TASK DIRECTIONS
Starting at the line that contains "veins on shaft.", write out each line through the end of the data below, exactly as it stands. Skip any pictures.

[Stored entries]

--- --- ---

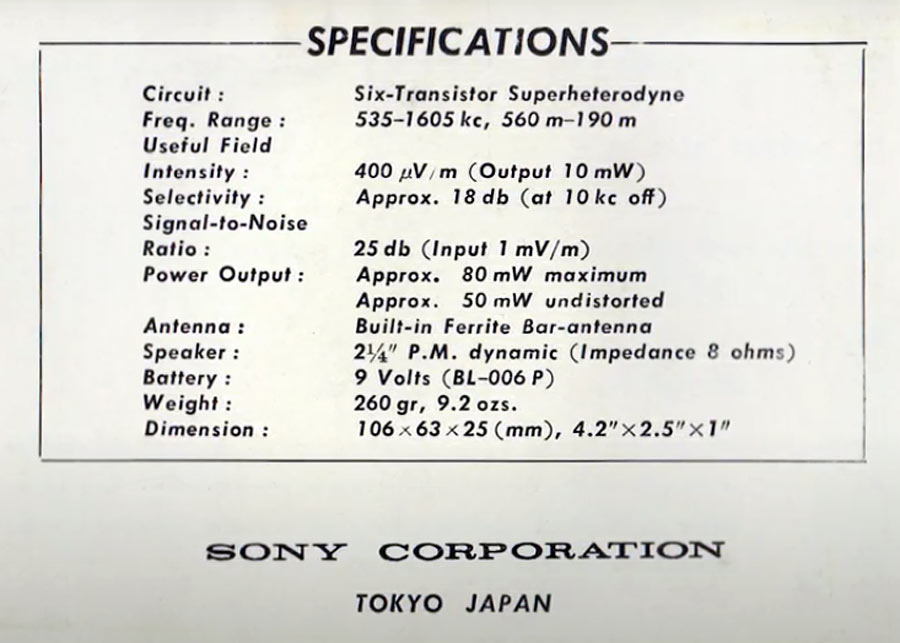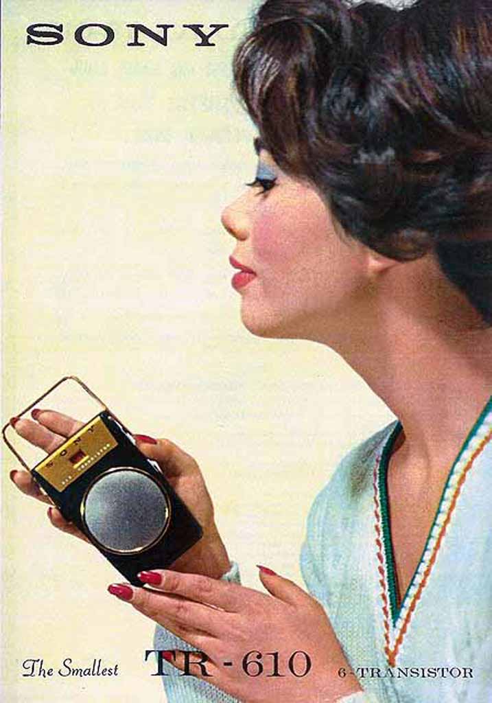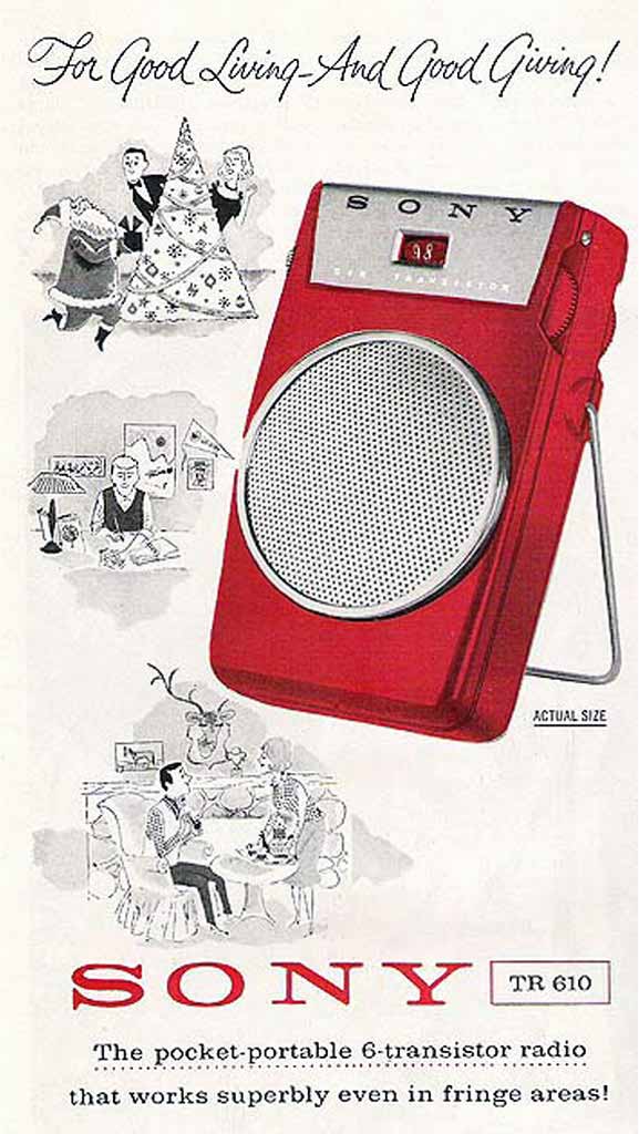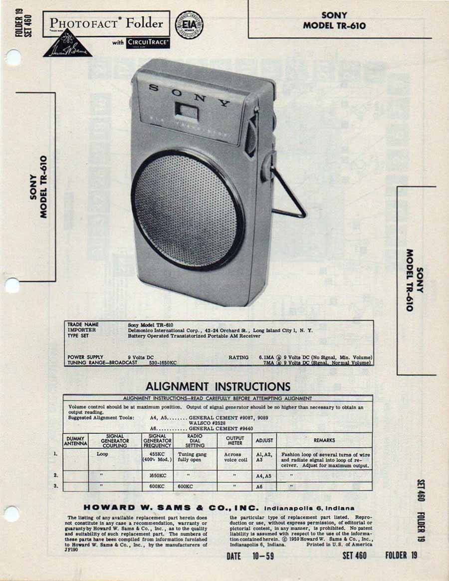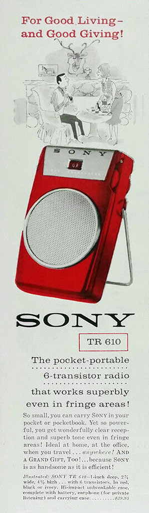 Портативный радиоприёмник "Sony TR-610" выпускался с 1958 года Японской корпорацией "Sony". Супергетеродин. 6 транзисторов. Диапазон - АМ. Питание 9 вольт. Чвствительность - 0,4 мВ/м. Избирательность 18 дБ. Диаметр громкоговорителя 6,4 см. Максимальная выходная мощность 80 мВт. Габариты 106х63х25 ммм. Масса 260 гр. Цвета корпуса: красный, белый, зелёный, чёрный.
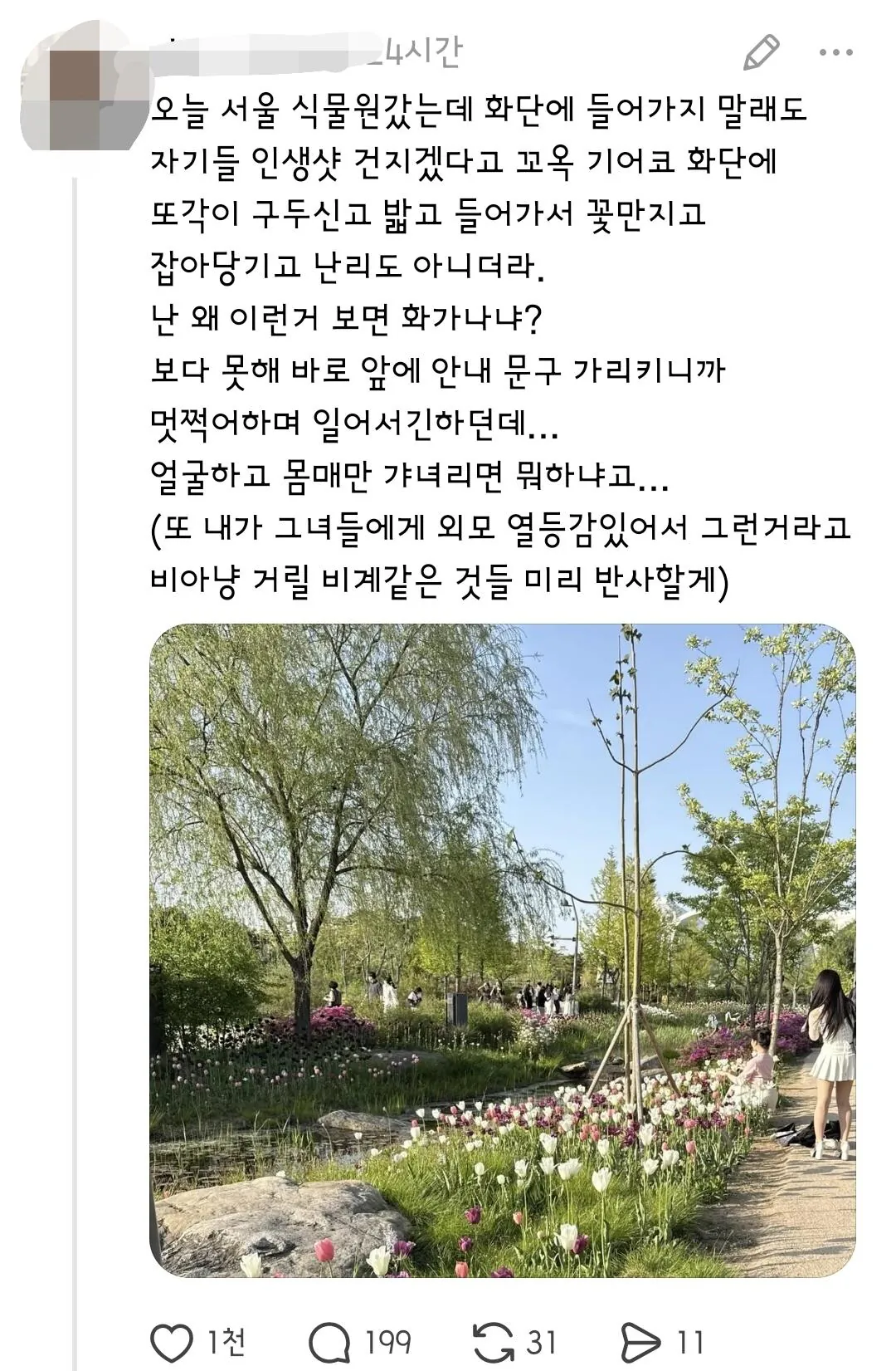 서울식물원 화단 논란.jpg 아기물티슈 0 207 0 2시간전 link URL 복사: https://humorpick.com/bbs/board.php?bo_table=humor&wr_id=407944 서울 식물원측에서 화단에 들어가지말라고경고문을 붙여놓았음에도 들어가서 꽃밟고 사진찍는 사람들이 많아서 논란.인스타에 서울식물원 검색하면 경고문 무시하고 들어가서 찍은 사진들 굉장히 많다고함. 0
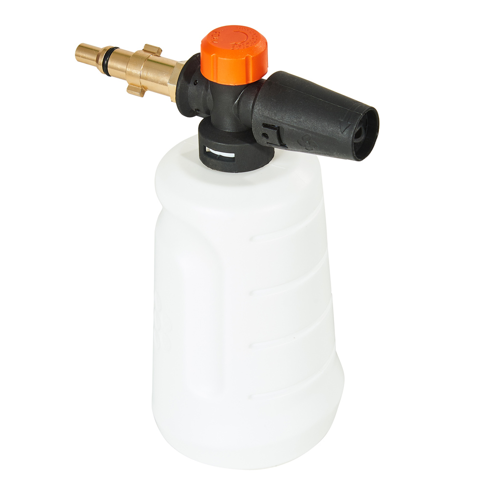 Мийка комплектується пінною насадкою для створення піни із суміші води й шампуню, нанесення піни під час миття.
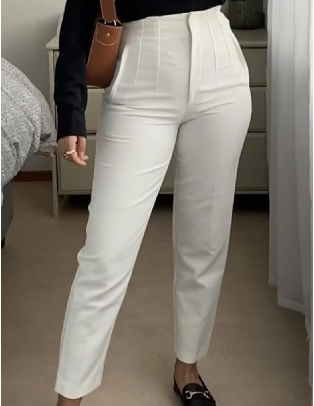 Pantalón blanco de licra estilo palazzo, con una silueta amplia y líneas en la parte de la cintura que aportan un toque moderno y elegante. Ideal para ocasiones casuales o semi-formales.
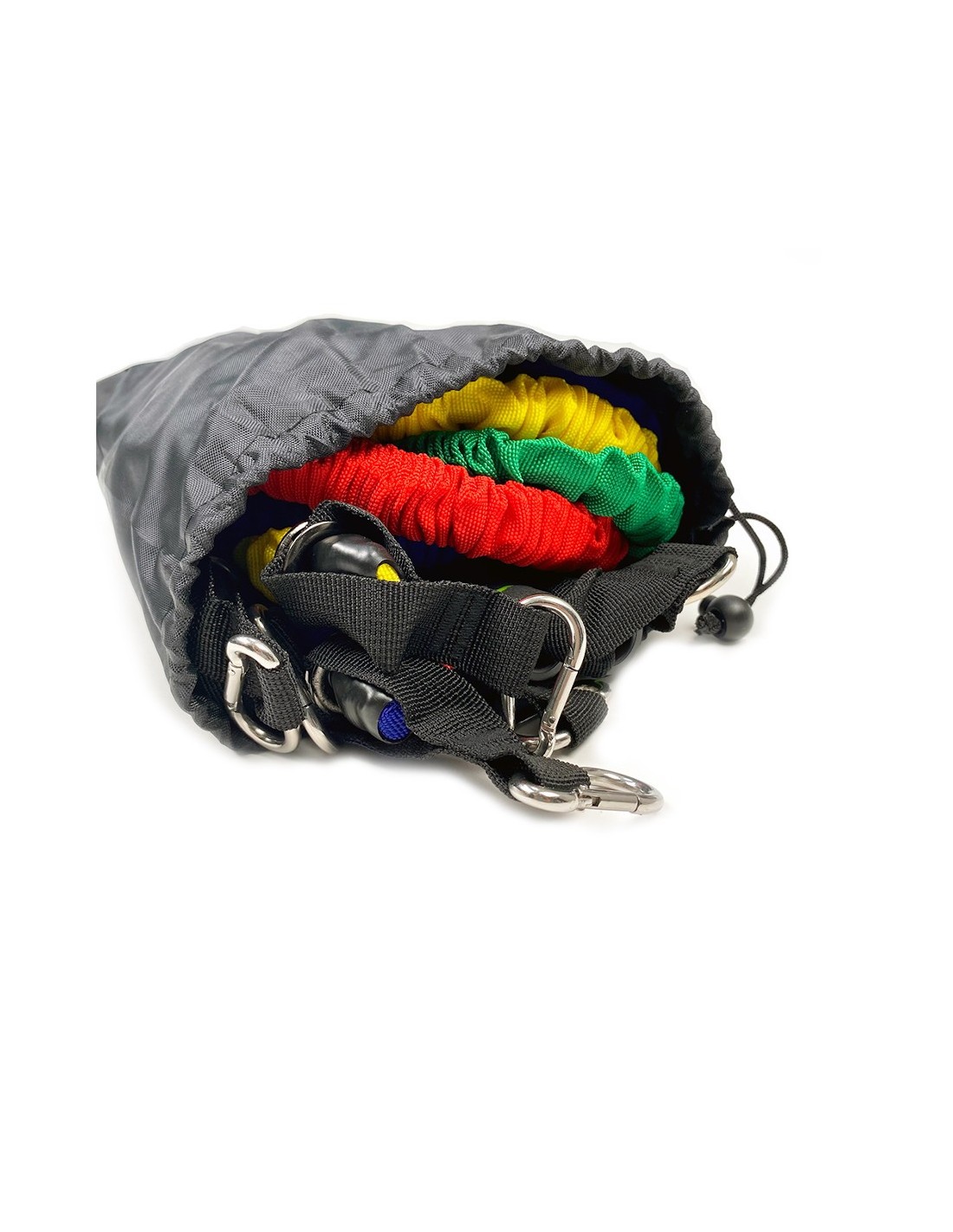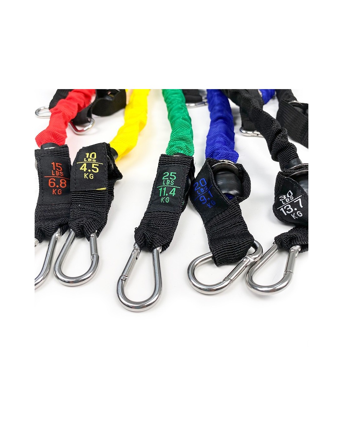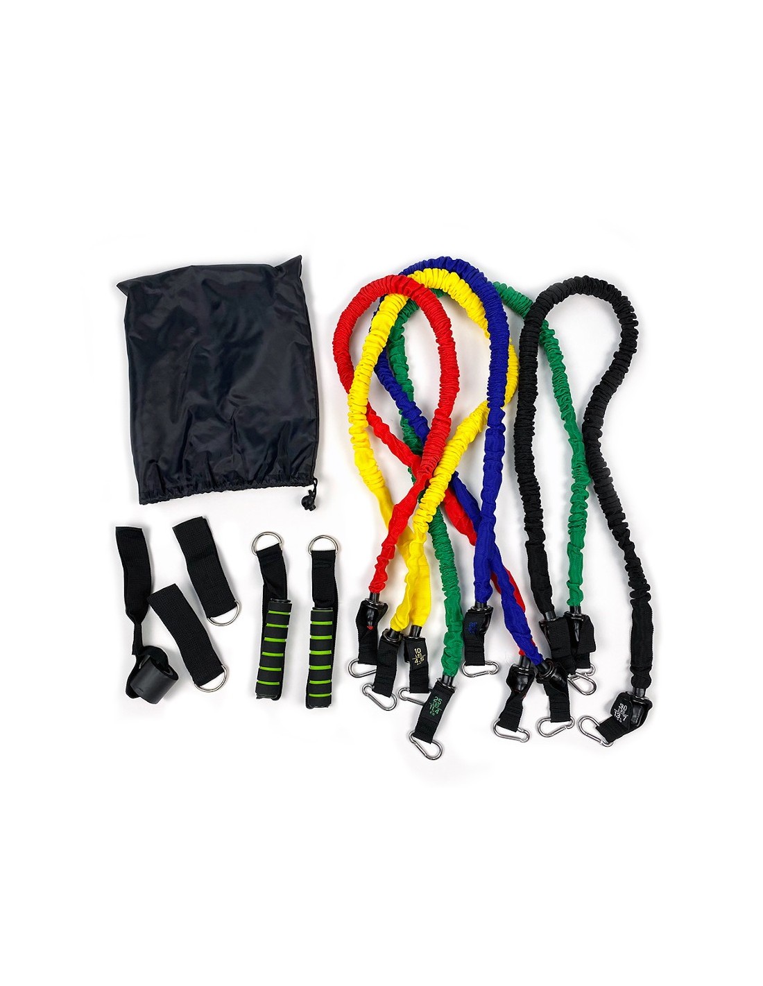 It includes five progressive resistance tubes, made of latex and wrapped in a durable fabric layer for added protection. Each band offers a different resistance level, from 4.5 kg to 13.7 kg, making it suitable for users of all fitness levels.
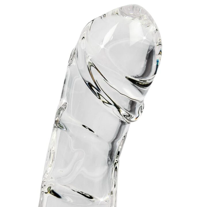 • Luxurious realistic shaped glass dildo with bulbous veins on shaft.
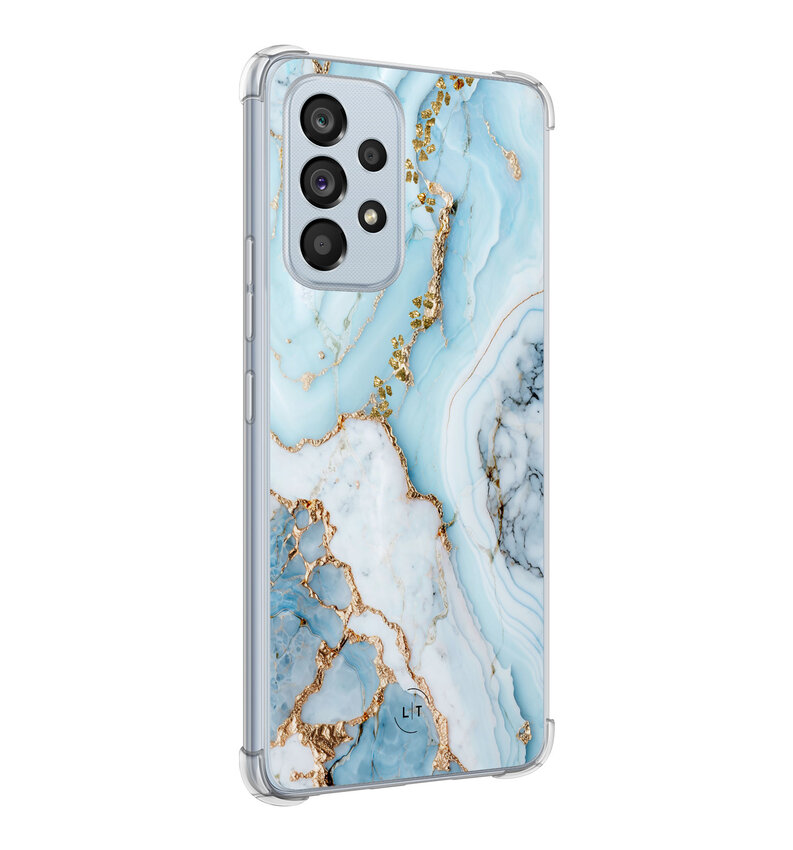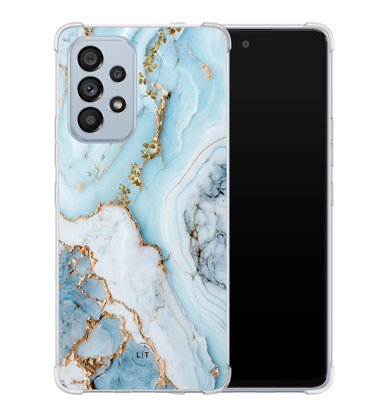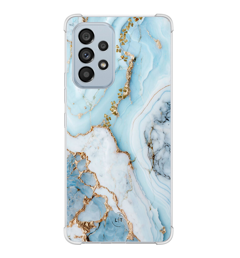 Dit stijlvolle marmer babyblauwe hoesje voor je Samsung Galaxy A53 combineert elegantie met duurzaamheid. De extra verstevigde hoeken bieden superieure bescherming, terwijl het slanke profiel en de zachte textuur zorgen voor comfort.

--- --- ---

RESULT OF THE EXERCISE
 • Luxurious realistic shaped glass dildo with bulbous veins on shaft.
 Dit stijlvolle marmer babyblauwe hoesje voor je Samsung Galaxy A53 combineert elegantie met duurzaamheid. De extra verstevigde hoeken bieden superieure bescherming, terwijl het slanke profiel en de zachte textuur zorgen voor comfort.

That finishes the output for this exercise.